1.中間申告不要の場合
消費税の課税事業者は、中間申告が不要の場合を除き、中間申告書を提出してその申告書に記載された税額を申告期限までに納付しなければなりません。
中間申告書の提出義務は、直前の課税期間の確定消費税額(年税額)に応じて、次のように規定されています。
直前課税期間の確定消費税額(国税) | 中間申告 | 申告期限 | 納付税額 |
---|---|---|---|
4,800万円超 | 1月ごと年11回 | 一月中間申告対象期間の末日の翌日から2か月以内(最初の1か月は3か月以内) | 直前課税期間の確定消費税額×1/12 |
400万円超4,800万円以下 | 3月ごと年3回 | 三月中間申告対象期間の末日の翌日から2か月以内 | 直前課税期間の確定消費税額×3/12 |
48万円超400万円以下 | 6月ごと年1回 | 六月中間申告対象期間の末日の翌日から2か月以内 | 直前課税期間の確定消費税額×6/12 |
48万円以下 | 中間申告不要 |
中間申告が不要の場合は、次のとおりです。
(1) 設立1期目の法人(合併によるものを除く)
(2) その年に新規開業した個人事業者(相続による事業承継を含む)
(3) 事業年度が3か月以下の法人
(4) 課税期間の短縮の特例を受けている事業者
(5) 直前課税期間の確定消費税額(年税額・国税のみ)が48万円以下の事業者
今回は、中間申告が不要である上記(5)の事業者が、中間申告書を提出する場合の任意の中間申告制度についてみていきます。
2.任意の中間申告制度
直前課税期間の確定消費税額(年税額・国税のみ)が48万円以下であることにより中間申告書を提出する義務がない事業者は、「任意の中間申告書を提出する旨の届出書」を提出することにより、その届出書の提出をした日以後にその末日が到来する六月中間申告対象期間から、自主的に六月中間申告書及び納付をすることができます。
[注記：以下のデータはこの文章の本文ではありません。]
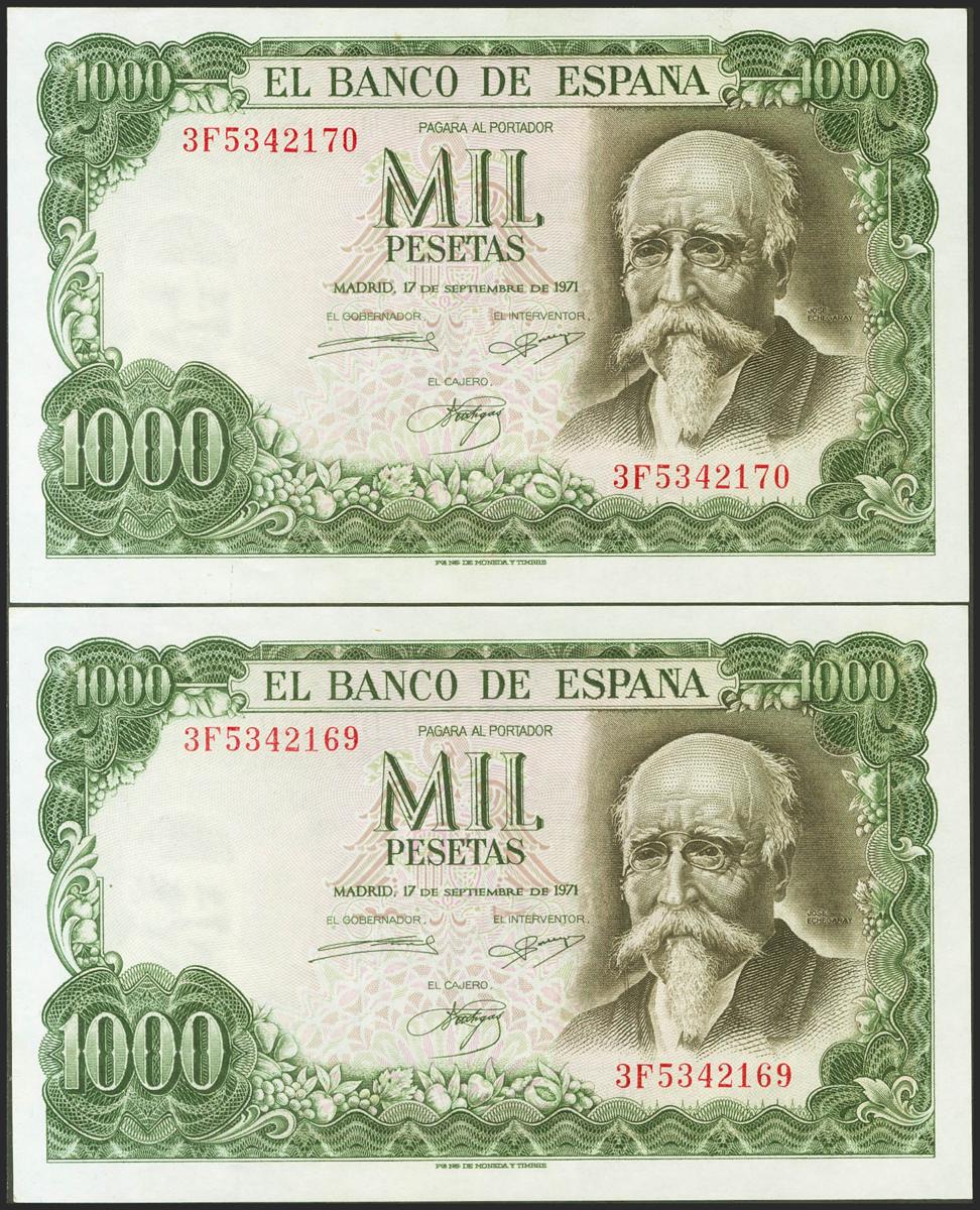1000 pesetas. September 17, 1971. Correlative couple. 3F series. (Edifil 2021: 474c). original sizing EBC+++.

例えば、2022(令和4)年から適用を受けようとする個人事業者は、2022(令和4)年6月30日までに届出書を納税地の所轄税務署長に提出すれば、同年8月31日を期限として自主的に六月中間申告書及び納付をすることができます。
また、2022(令和4)年4月1日に事業年度が開始する法人は、2022(令和4)年9月30日までに届出書を納税地の所轄税務署長に提出すれば、同年11月30日を期限として自主的に六月中間申告書及び納付をすることができます。
任意の中間申告制度を選択した事業者が、その適用を受けることをやめようとするときは、「任意の中間申告書を提出することの取りやめ届出書」を納税地の所轄税務署長に提出しなければなりません。
3.任意の中間申告書を提出しなかった場合
任意の中間申告制度を選択した事業者が、六月中間申告書をその提出期限までに提出しなかった場合には、「任意の中間申告書を提出することの取りやめ届出書」を提出したものとみなされます。
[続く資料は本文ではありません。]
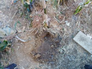 右: あ、誰か土竜君を掘り出そうとしたな!?後で海水EM活性希釈原液を流し込んでおこう。流し込みに行ったら土が内部から掘り返されてありました。土竜さんがブーブー言いながら、修復をしていたのかな(笑)。『誰だ!?他家様の巣を滅茶滅茶に掘り返す奴は!』な~んて言っていたのかしら。穴を空けて流し込みました。
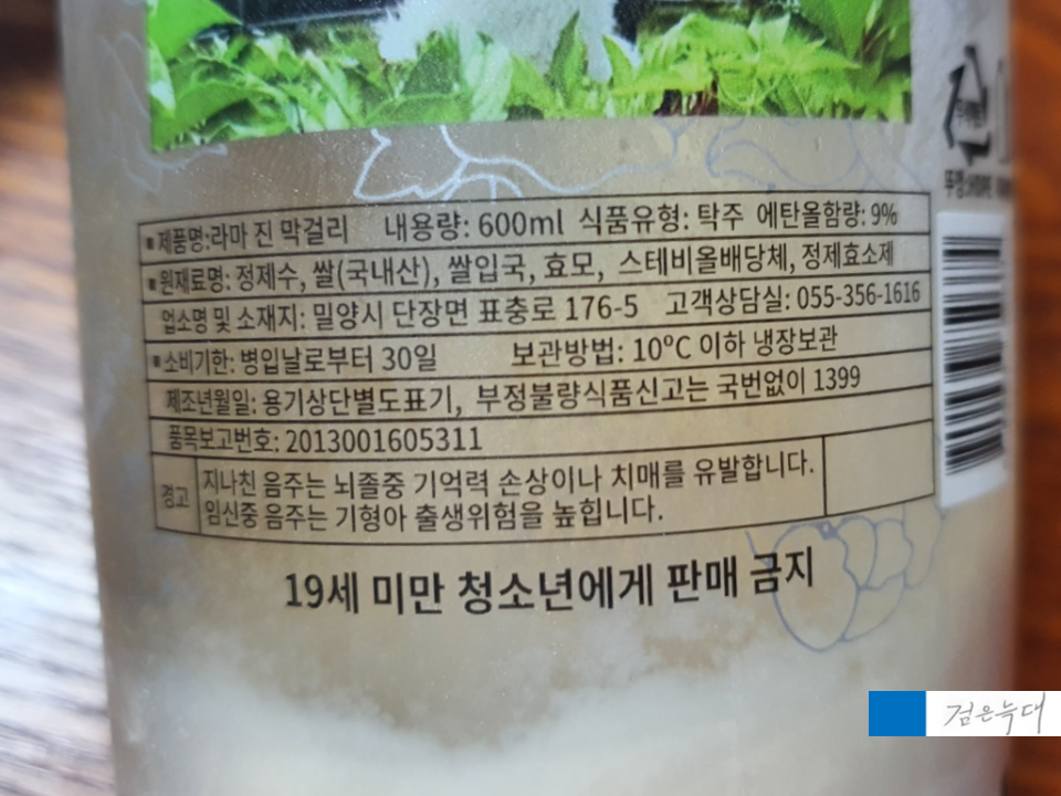 라마진막걸리의 라벨입니다

したがって、任意の中間申告制度には、提出期限までに中間申告書の提出があったものとみなされる「みなし申告」の取扱いはなく、任意の中間申告をしたい場合には必ず申告書の提出が必要です。
一方、任意の中間申告制度では、提出期限までに申告書の提出がない限り、未納となって延滞税が課されることはありません。
4.翌期以降の任意の中間申告制度の選択の効力
上記3で述べたように、任意の中間申告制度を選択した事業者が、六月中間申告書をその提出期限までに提出しなかった場合には、「任意の中間申告書を提出することの取りやめ届出書」を提出したものとみなされます。
では、当期に任意の中間申告制度を選択して任意の中間申告書を提出した事業者が、来期は基準期間(前期)における課税売上高が1,000万円以下となるため免税事業者となる場合はどうでしょうか?
このように免税事業者となった場合については、中間申告書や確定申告書を提出する義務がないことから、任意の中間申告制度を選択していたとしても中間申告書を提出する必要はありません。
したがって、中間申告書を提出しなかったとしても「任意の中間申告書を提出することの取りやめ届出書」を提出したものとはみなされず、引き続き任意の中間申告制度の選択の効力は存続します。
一方、課税事業者については、直前の課税期間が免税事業者であったため確定申告書を提出する義務がなかったことや、直前の課税期間に還付申告書を提出していたため、直前の課税期間の確定消費税額の金額がない場合であっても、任意の中間申告制度の選択の効力を存続させるためには、自主的に中間申告書(消費税額を「0円」とする中間申告書又は仮決算による中間申告書)を提出する必要があります。